(Beginning of Data section)
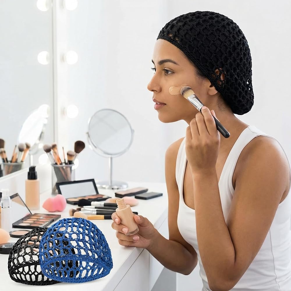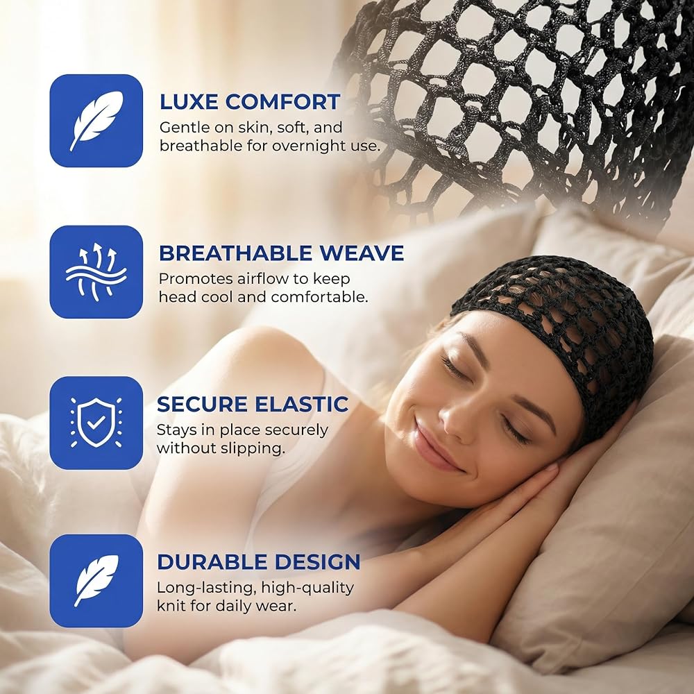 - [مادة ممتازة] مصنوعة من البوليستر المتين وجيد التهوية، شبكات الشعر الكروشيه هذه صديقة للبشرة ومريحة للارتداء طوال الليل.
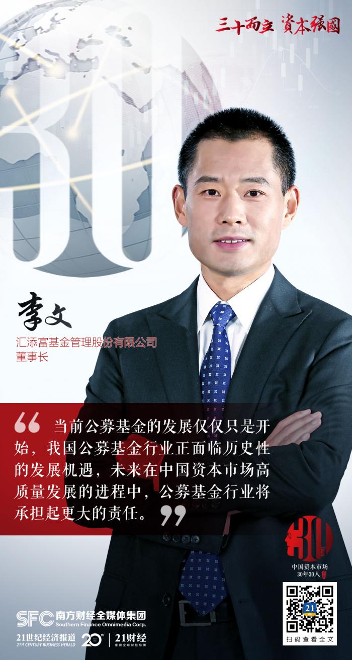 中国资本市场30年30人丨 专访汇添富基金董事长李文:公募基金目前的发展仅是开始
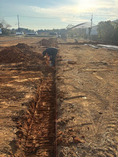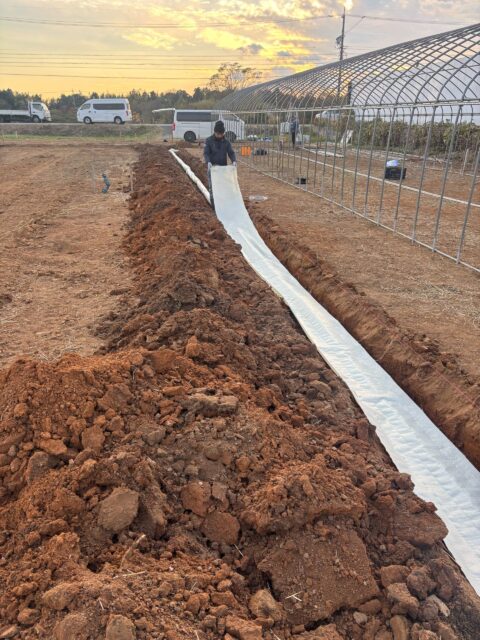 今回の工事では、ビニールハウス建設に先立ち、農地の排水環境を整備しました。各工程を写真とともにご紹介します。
(End of Data section)
(Beginning of Data section)
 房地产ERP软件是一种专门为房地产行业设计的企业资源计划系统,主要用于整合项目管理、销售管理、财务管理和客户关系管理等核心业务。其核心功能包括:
(End of Data section)
(Beginning of Data section)
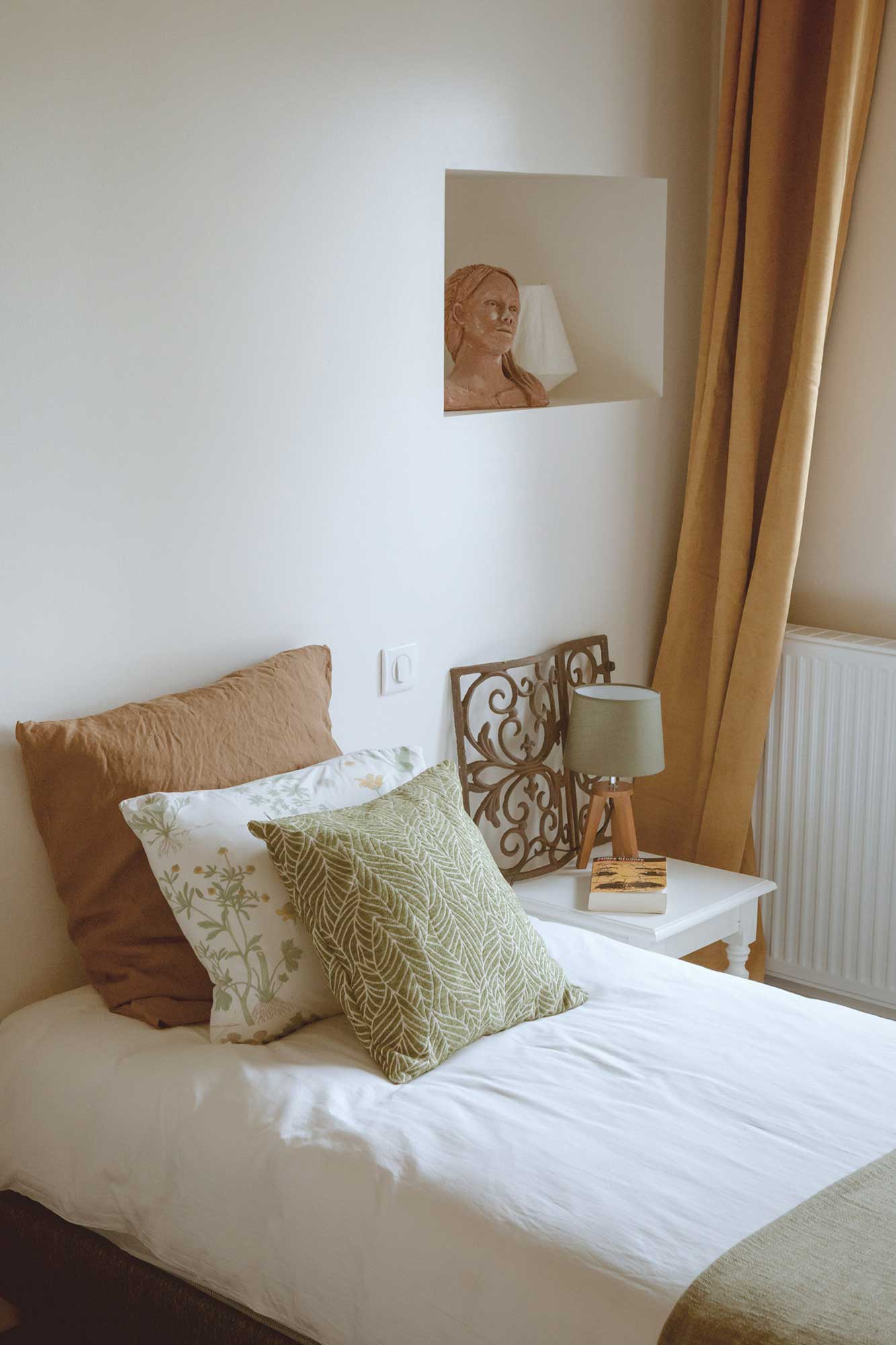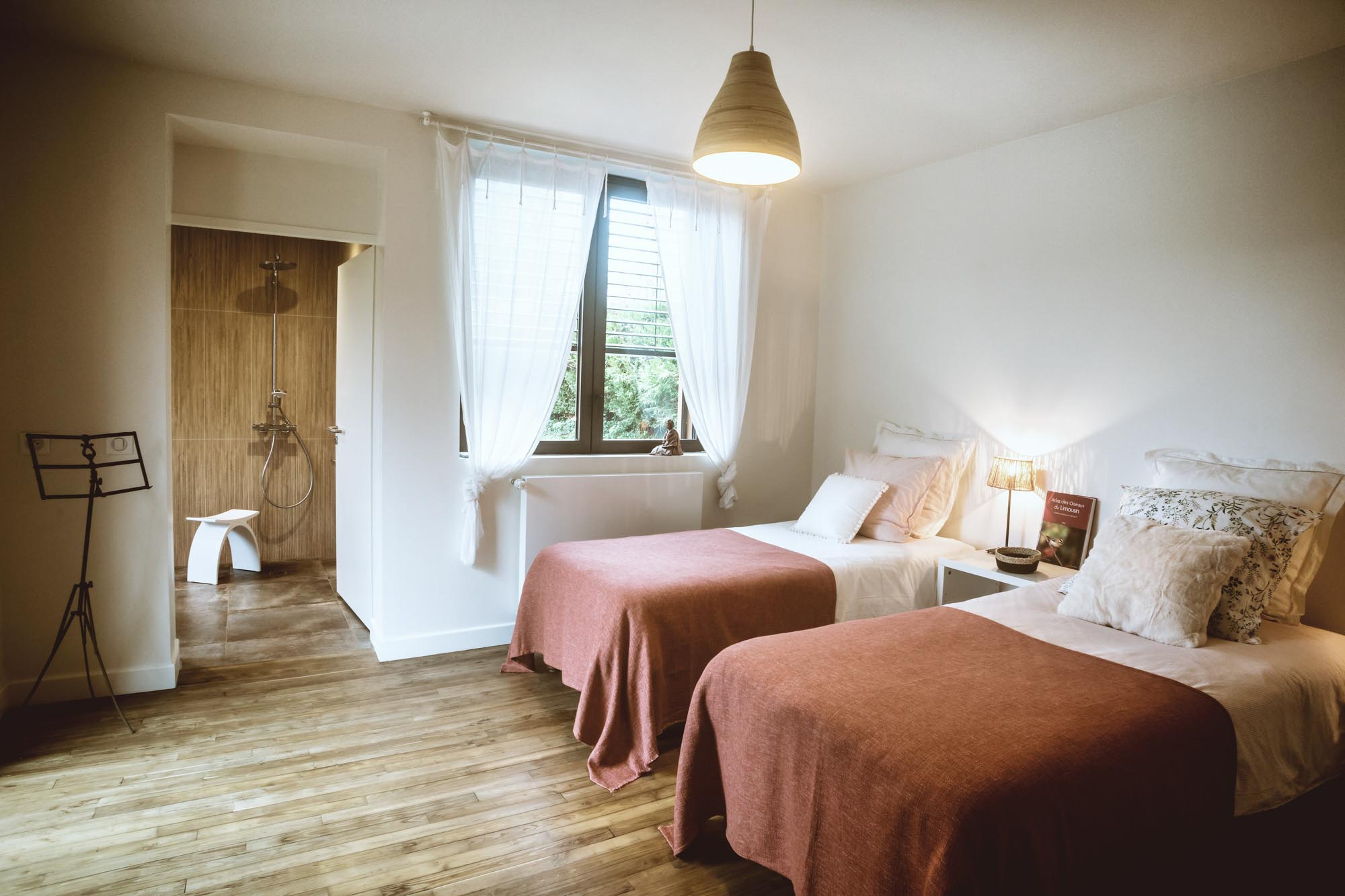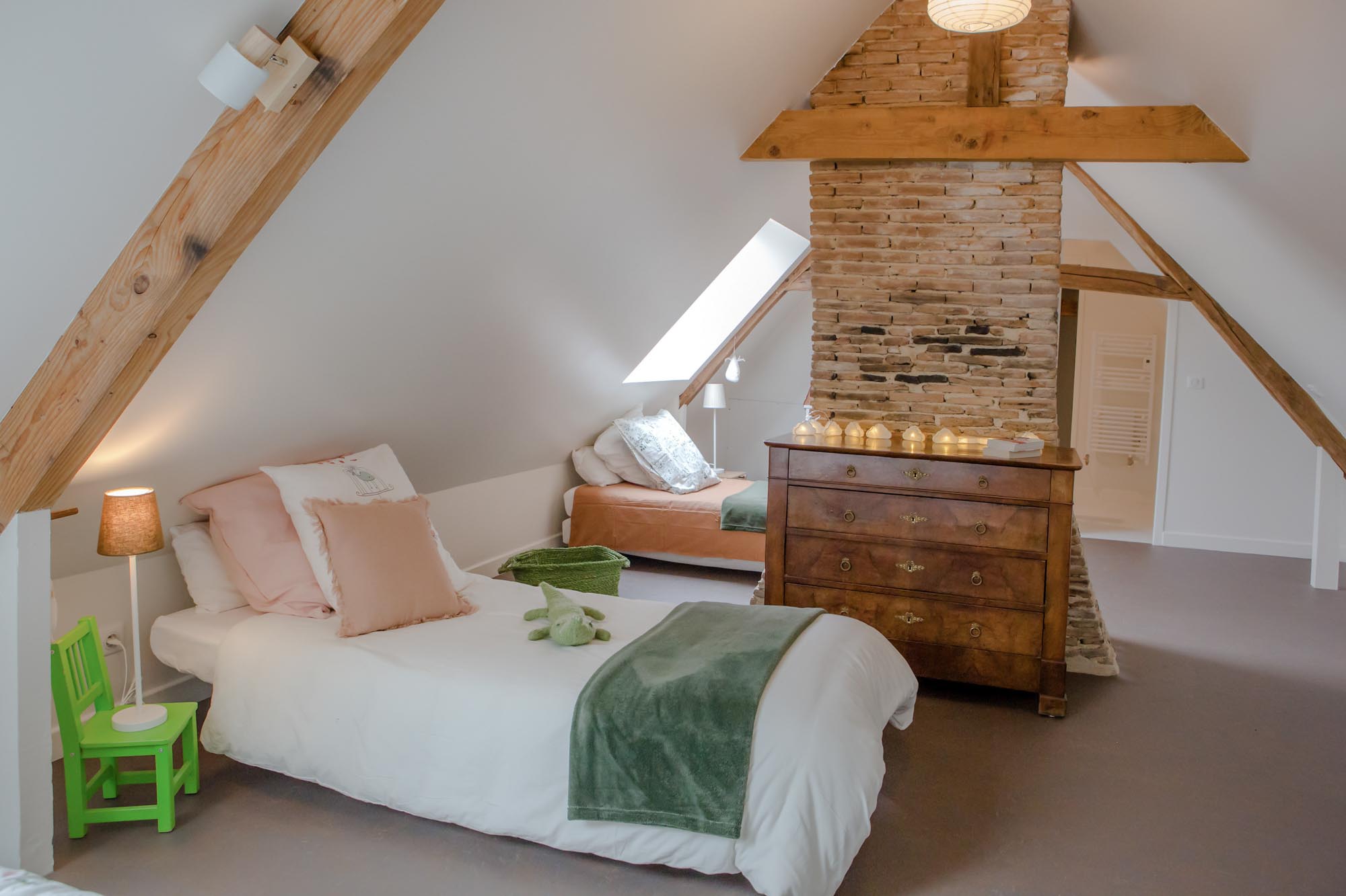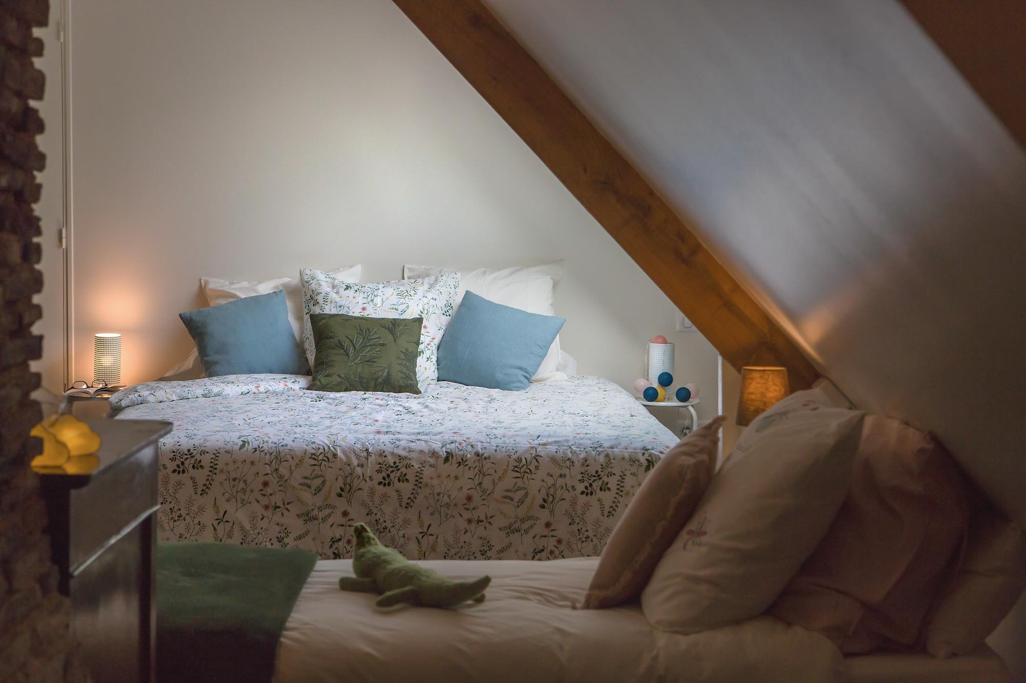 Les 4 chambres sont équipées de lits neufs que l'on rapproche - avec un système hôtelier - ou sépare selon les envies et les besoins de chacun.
(End of Data section)
Assigned task:
Among the entries above, copy exactly the stretch from the line holding "- [مادة ممتازة]" through the line holding "今回の工事では、ビニールハウ", leaving out any pictures.

Output:
 - [مادة ممتازة] مصنوعة من البوليستر المتين وجيد التهوية، شبكات الشعر الكروشيه هذه صديقة للبشرة ومريحة للارتداء طوال الليل.
 中国资本市场30年30人丨 专访汇添富基金董事长李文:公募基金目前的发展仅是开始
 今回の工事では、ビニールハウス建設に先立ち、農地の排水環境を整備しました。各工程を写真とともにご紹介します。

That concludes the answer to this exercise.